### Task input:
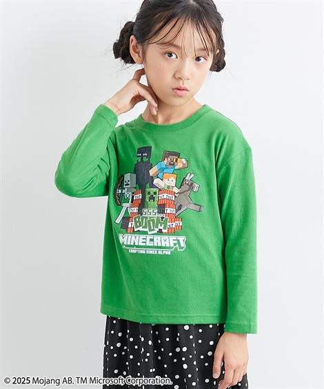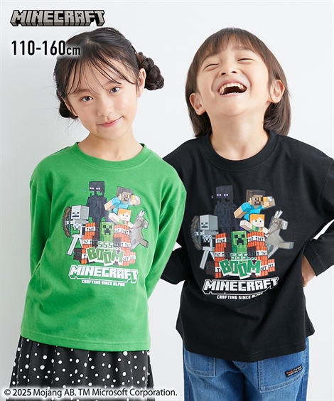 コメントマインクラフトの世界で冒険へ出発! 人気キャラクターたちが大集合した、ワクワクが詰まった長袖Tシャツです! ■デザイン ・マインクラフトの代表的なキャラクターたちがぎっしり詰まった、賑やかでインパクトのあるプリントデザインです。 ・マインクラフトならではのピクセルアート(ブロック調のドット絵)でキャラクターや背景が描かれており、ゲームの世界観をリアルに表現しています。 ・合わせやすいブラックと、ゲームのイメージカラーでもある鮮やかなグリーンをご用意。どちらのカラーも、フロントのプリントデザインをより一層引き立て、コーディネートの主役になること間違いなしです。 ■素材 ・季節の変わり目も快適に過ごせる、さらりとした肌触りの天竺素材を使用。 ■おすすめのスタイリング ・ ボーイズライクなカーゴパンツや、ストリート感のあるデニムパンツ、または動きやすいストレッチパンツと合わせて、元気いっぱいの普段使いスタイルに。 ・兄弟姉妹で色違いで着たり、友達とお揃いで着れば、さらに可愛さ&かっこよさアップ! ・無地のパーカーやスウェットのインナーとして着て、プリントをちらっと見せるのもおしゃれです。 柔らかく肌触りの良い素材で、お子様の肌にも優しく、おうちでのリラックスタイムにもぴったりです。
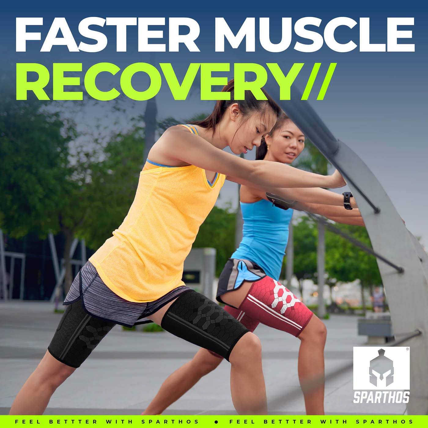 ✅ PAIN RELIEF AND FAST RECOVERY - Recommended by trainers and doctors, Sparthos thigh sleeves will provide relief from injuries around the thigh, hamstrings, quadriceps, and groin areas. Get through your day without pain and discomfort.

---

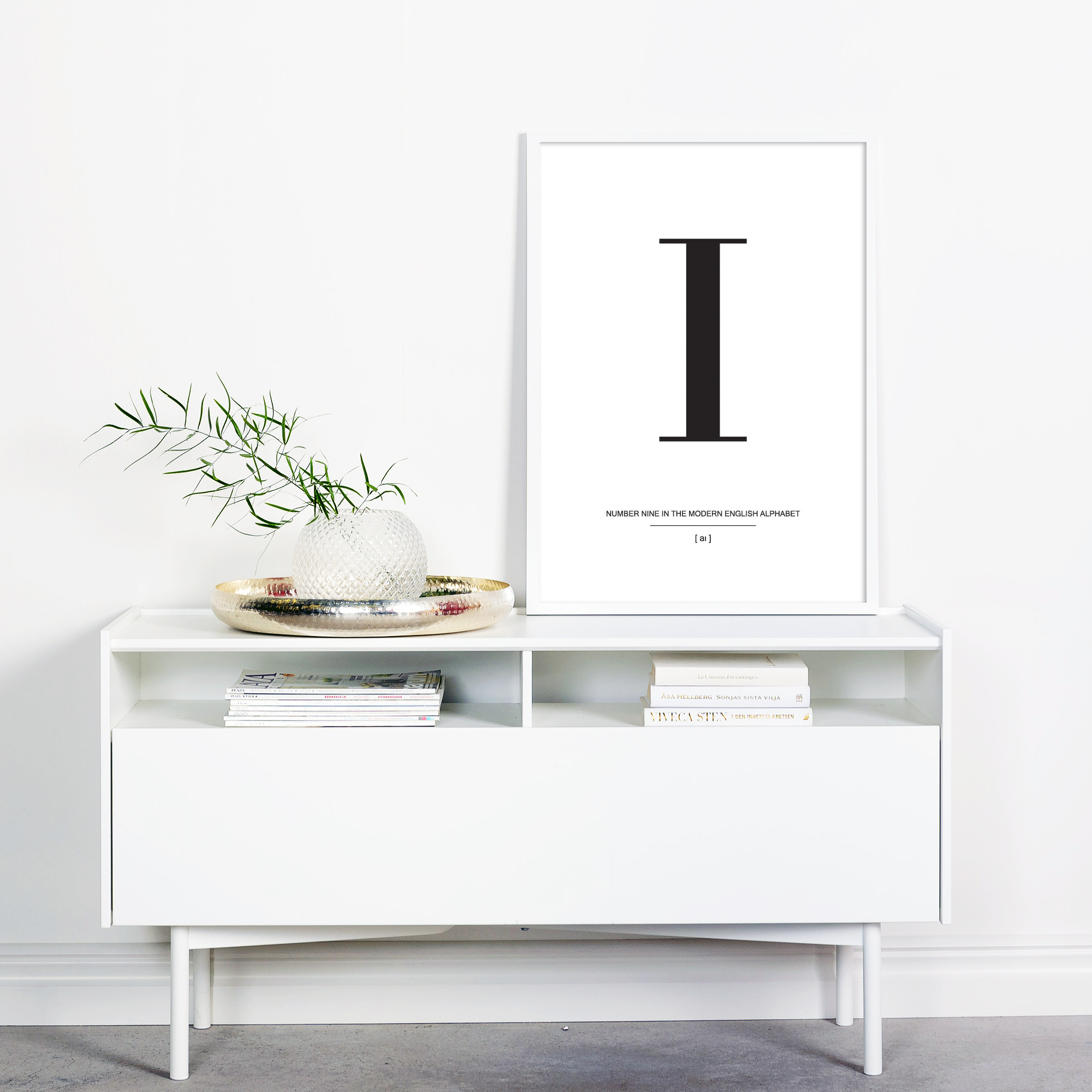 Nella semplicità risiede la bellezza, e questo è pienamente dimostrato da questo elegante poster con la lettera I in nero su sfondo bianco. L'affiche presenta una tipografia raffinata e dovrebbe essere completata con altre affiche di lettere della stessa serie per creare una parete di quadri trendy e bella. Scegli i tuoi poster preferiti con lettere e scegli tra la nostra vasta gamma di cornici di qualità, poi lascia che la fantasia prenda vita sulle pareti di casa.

### The task:
Pictures excluded, give again exactly and only the lines of the material above from the line with "コメントマインクラフトの世界で冒険へ出発! 人気キャラクターたちが大集合した、ワクワクが詰まった長袖Tシャツです! ■デザイン" through the line with "pain and discomfort.".

### Solved exercise:
 コメントマインクラフトの世界で冒険へ出発! 人気キャラクターたちが大集合した、ワクワクが詰まった長袖Tシャツです! ■デザイン ・マインクラフトの代表的なキャラクターたちがぎっしり詰まった、賑やかでインパクトのあるプリントデザインです。 ・マインクラフトならではのピクセルアート(ブロック調のドット絵)でキャラクターや背景が描かれており、ゲームの世界観をリアルに表現しています。 ・合わせやすいブラックと、ゲームのイメージカラーでもある鮮やかなグリーンをご用意。どちらのカラーも、フロントのプリントデザインをより一層引き立て、コーディネートの主役になること間違いなしです。 ■素材 ・季節の変わり目も快適に過ごせる、さらりとした肌触りの天竺素材を使用。 ■おすすめのスタイリング ・ ボーイズライクなカーゴパンツや、ストリート感のあるデニムパンツ、または動きやすいストレッチパンツと合わせて、元気いっぱいの普段使いスタイルに。 ・兄弟姉妹で色違いで着たり、友達とお揃いで着れば、さらに可愛さ&かっこよさアップ! ・無地のパーカーやスウェットのインナーとして着て、プリントをちらっと見せるのもおしゃれです。 柔らかく肌触りの良い素材で、お子様の肌にも優しく、おうちでのリラックスタイムにもぴったりです。
 ✅ PAIN RELIEF AND FAST RECOVERY - Recommended by trainers and doctors, Sparthos thigh sleeves will provide relief from injuries around the thigh, hamstrings, quadriceps, and groin areas. Get through your day without pain and discomfort.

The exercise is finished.